Un peu plus loin, on s’accorde une petite pause pour se baigner une dernière fois dans l’océan avant de rentrer dans les terres. Pascal en profite surtout pour se faire 100 bornes de vélo, sans bagages et à fond, pour aller acheter des cartes postales. Quand on vous dit qu’il n’est pas clair, ce type…

Nous voulions visiter le parc national de Donana, lieu d’hivernage de millions d’oiseaux, mais les marais sont encore secs et les oiseaux pas encore arrivés. Tant pis pour les oiseaux, nous nous accommodons fort bien de la sécheresse et de la chaleur.
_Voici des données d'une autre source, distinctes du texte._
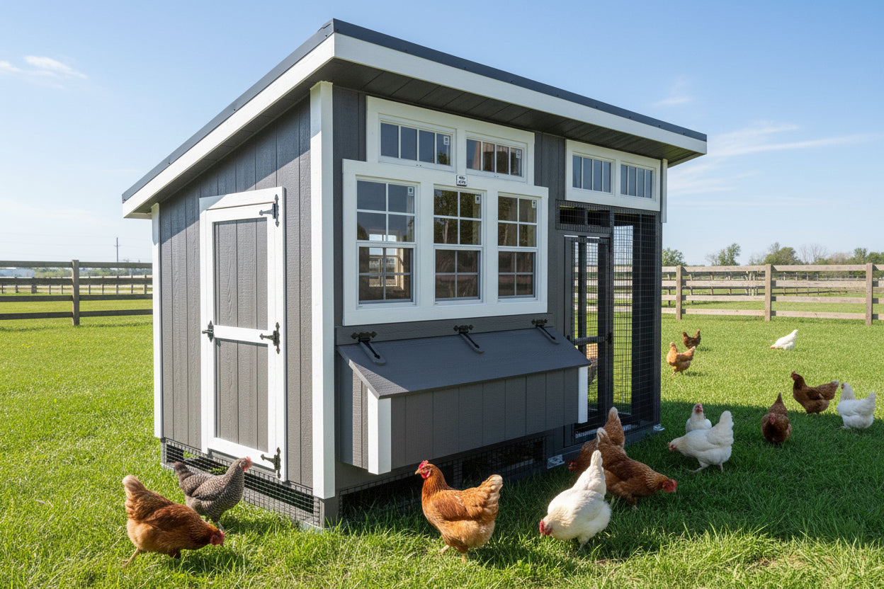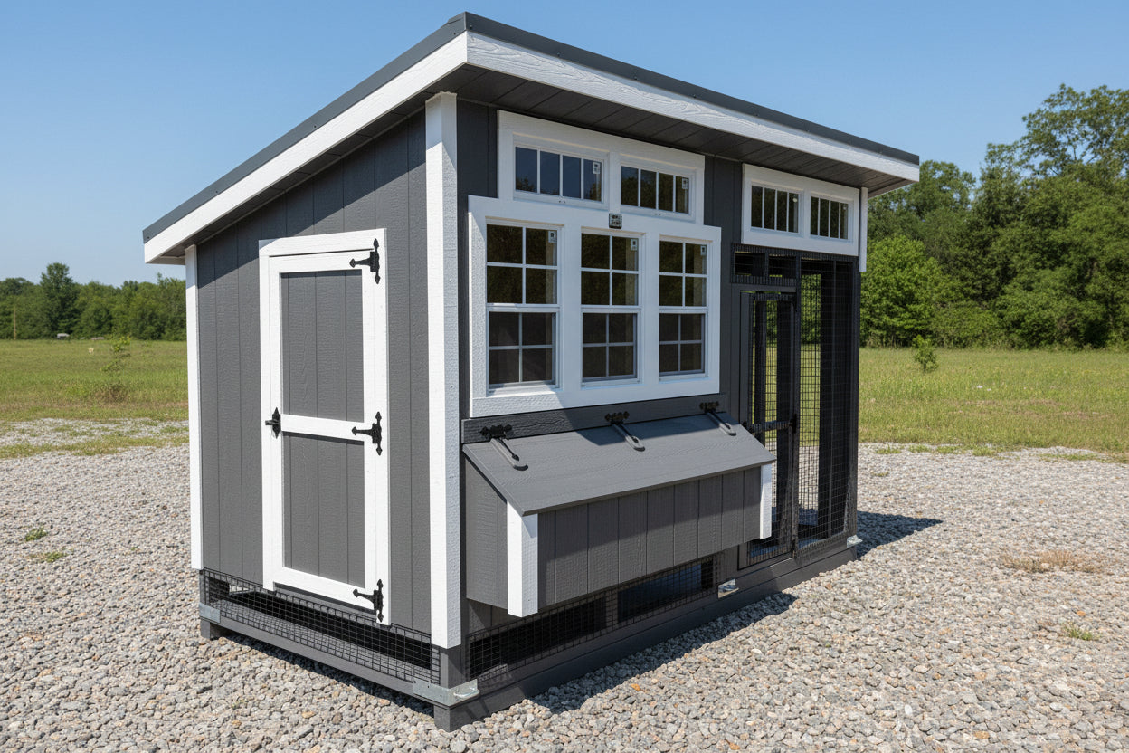 ~ 06X12 Dakota Storage Skillion Combination Coop Wood Panel ~ Building Color - Peppercorn (SW 7674) Super Paint ~ Trim Color - *FASCIA, CORNER, WINDOW & DOOR TRIM* - Super White (SW 6995) ~ Steel Roof - Charcoal LC

Le thermomètre dépasse encore souvent les 30° C. Pourvu que ça dure !

Nous rejoignons tranquillement Séville, dont Zoé rêve depuis qu’elle danse des …sévillanes. Trois jours sans vélo (encore !) pour découvrir la ville : cathédrale et sa Giralda, Alcazar commencé au temps de l’Andalousie musulmane, flamenco, tapas… C’est vrai que la vie est dure pour nous !

Après trois semaines de paysages côtiers, nous avons hâte de connaître l’Andalousie de l’intérieur. C’est l’époque de la cueillette des olives et de certains agrumes. Beaucoup de travailleurs immigrés sont arrivés : Africains et Européens de l’Est en particulier. Il y a aussi du travail dans les plantations de fraisiers. A ce propos, on vous déconseille fortement les fraises de Huelva : la plupart poussent tout près d’un immense parc industriel (pétrochimie, gaz, cuivre, engrais, tout y passe !) et les pulvérisateurs désherbent hardiment entre les rangs de plastique noir. Attendez-donc le printemps et les fraises du jardin !

Nous allons maintenant passer quelques jours à cueillir olives et agrumes dans une ferme près de Séville, puis nous roulerons vers Jaén, avant une grosse tricherie ferroviaire vers Barcelone. Rassurez-vous, on ne fait pas que tricher : les compteurs vont bientôt afficher 2000 bornes.